说完,薛牧大袖一拂,仰头将杯中清酒一饮而尽。
在本朝,儒生文士宴饮时,为表达风雅之意,称清酒为圣人,称浊酒为贤人。
此时此刻,乾和葡萄酒、黄醅酒已经被喝尽,众人的桌案上多少还剩下几盏郎官清,因此,薛牧应该说一声“见圣人”。
当然,这话只能由坐在主位上的人说,而对之对饮的宾客若觉得尽兴,必须起身回应一句“同见”,并且一饮而尽。
可惜,这个时候能保持正常坐姿、哪怕盘腿趺坐的人都没有。
正因为如此,应者寥寥,仅虞世帆与程齐之两人尔,只见他们端住铜爵,其中一人模棱两可道:“好酒,不愧是虾蟆陵之郎官清,清冽爽口。
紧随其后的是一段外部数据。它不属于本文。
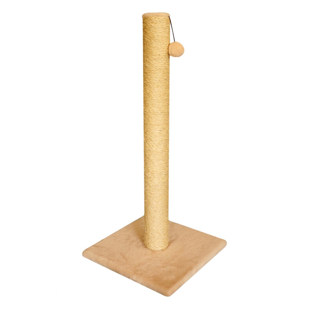 На вершине столбика закреплена игрушка-шарик. Основание имеет размер 42х42 см, а потому когтеточка будет устойчива под коготками даже самых активных котов.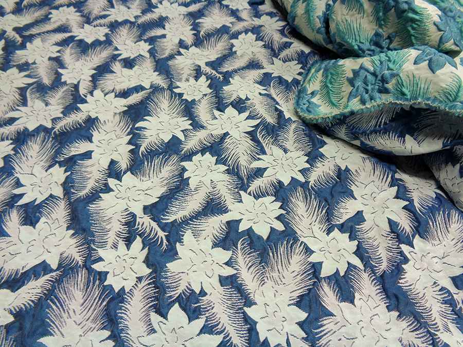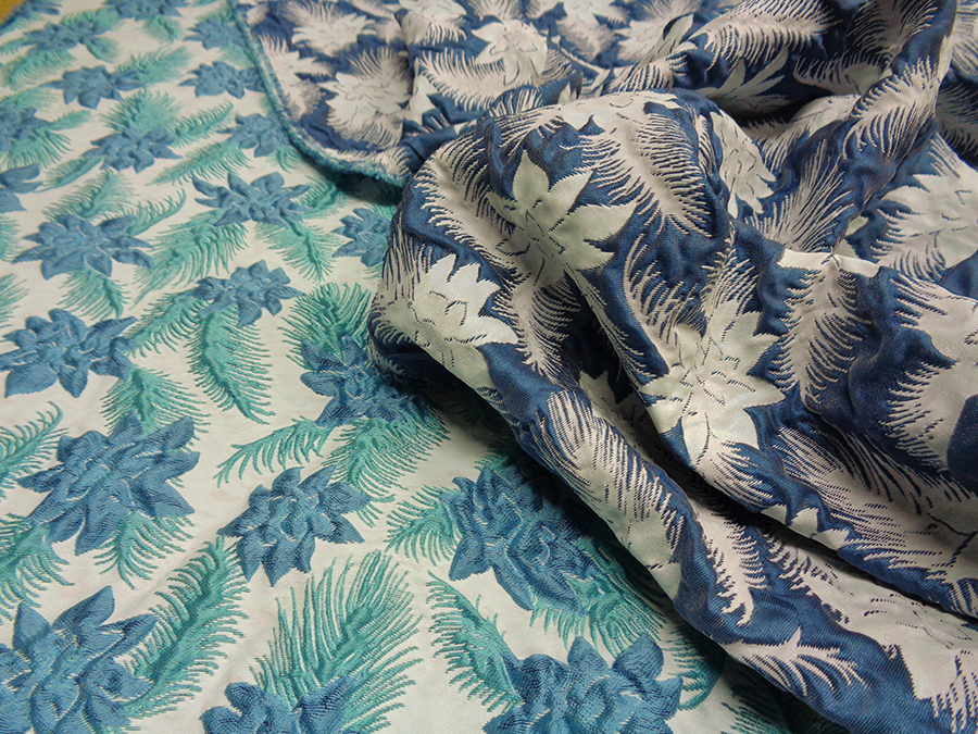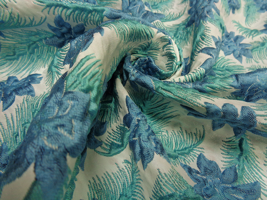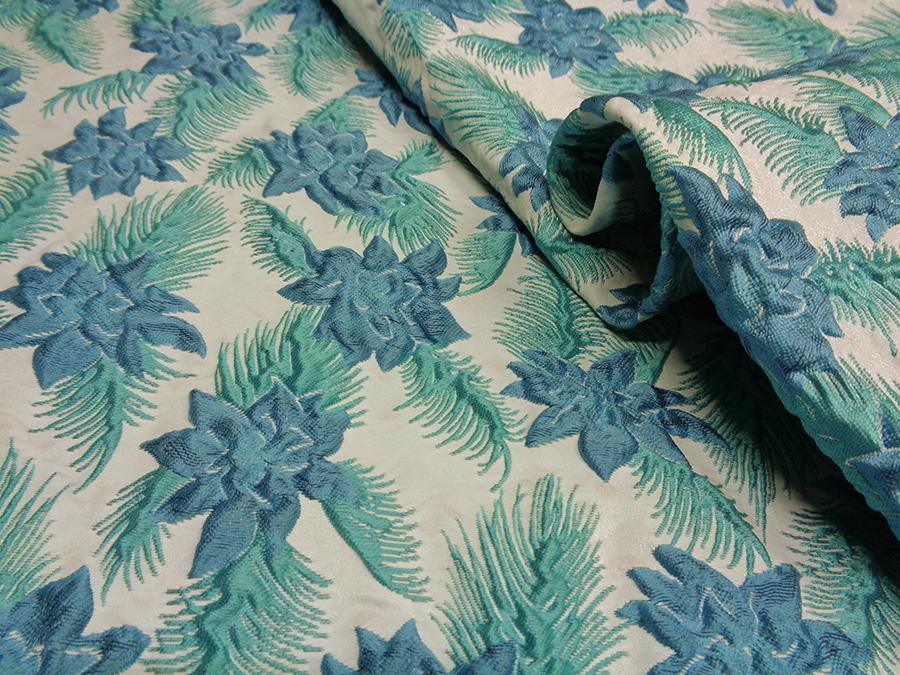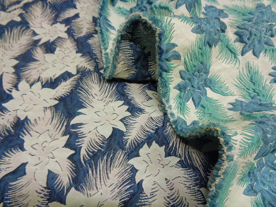 PREGIATO ED ESCLUSIVO BROCCATO DOUBLEFACE. LEGGERO, SOFFICE, VAPOROSO E COPRENTE. UN LATO FONDO GRIGIO GHIACCIO (QUASI BIANCO) CON IMPERCETTIBILI BAGLIORI ARGENTO DATI DAL FILATO METALLICO IN TRAMA, CON FANTASIA FLOREALE IN RILIEVO LEGGERMENTE GOFFRATA SUI TONI DEL TURCHESE E PETROLIO. DALL’ALTRO LATO FONDO AVIO CON FANTASIA FLOREALE SUI TONI DEL GHIACCIO CON IMPERCETTIBILI BAGLIORI ARGENTO DATI DAL FILATO METALLICO IN TRAMA. . POSSIBILITA’ DI UTILIZZO DA AMBO I LATI. TESSUTO UNISEX INDICATO PER: GIACCHE, GONNE, ABITI, COMPLETI, PANTALONI, ECC..

”
另外一人扬声说道:“同见!”
见状,薛牧心情稍霁,快速做出判断:虞兄醉了,程兄应该还记得此行的目标,但状态难以评估
这是之前定下的暗号,若他喊出“见圣人”、“见贤人”两句中的任意一句话,便是在提醒同伴保持警惕,而正常状况下,他们应当回一句“同见”,表示心中了然。
不过,薛牧非常担心程齐之此时的身体状况,因为只看他满脸酡红、摇摇晃晃的样子,就不难猜出:这家伙应该跟先前的自己一样,陷入过那种脑袋一片混沌、而内心激荡的状态,才刚刚清醒没多久。
至于为什么会出现这种情况。
薛牧隐隐有了判断,血气方刚之人不能抵御邪祟的手段,但是,身居官位者可以。
事到如今,他心中依旧有太多疑问,比如,遇到这种情况,高阶官员挣脱这种状态的时间会不会更短,甚至是慑服邪祟何斌是个没有品级的微末小吏,却可以伤害邪祟,到底靠得是什么
见意中人垂头不语,花魁娘子巧笑倩兮,轻语道:“薛郎,阿奴为你倒一杯乌梅浆,解解酒吧。”
“多谢娘子。”薛牧故作镇定。
闻言,郑都知笑容一僵,但旋即就调整好状态,白了薛牧一眼,嗔怪道:“郎君怎么变得如此生分了,难道是女奴服侍不周?”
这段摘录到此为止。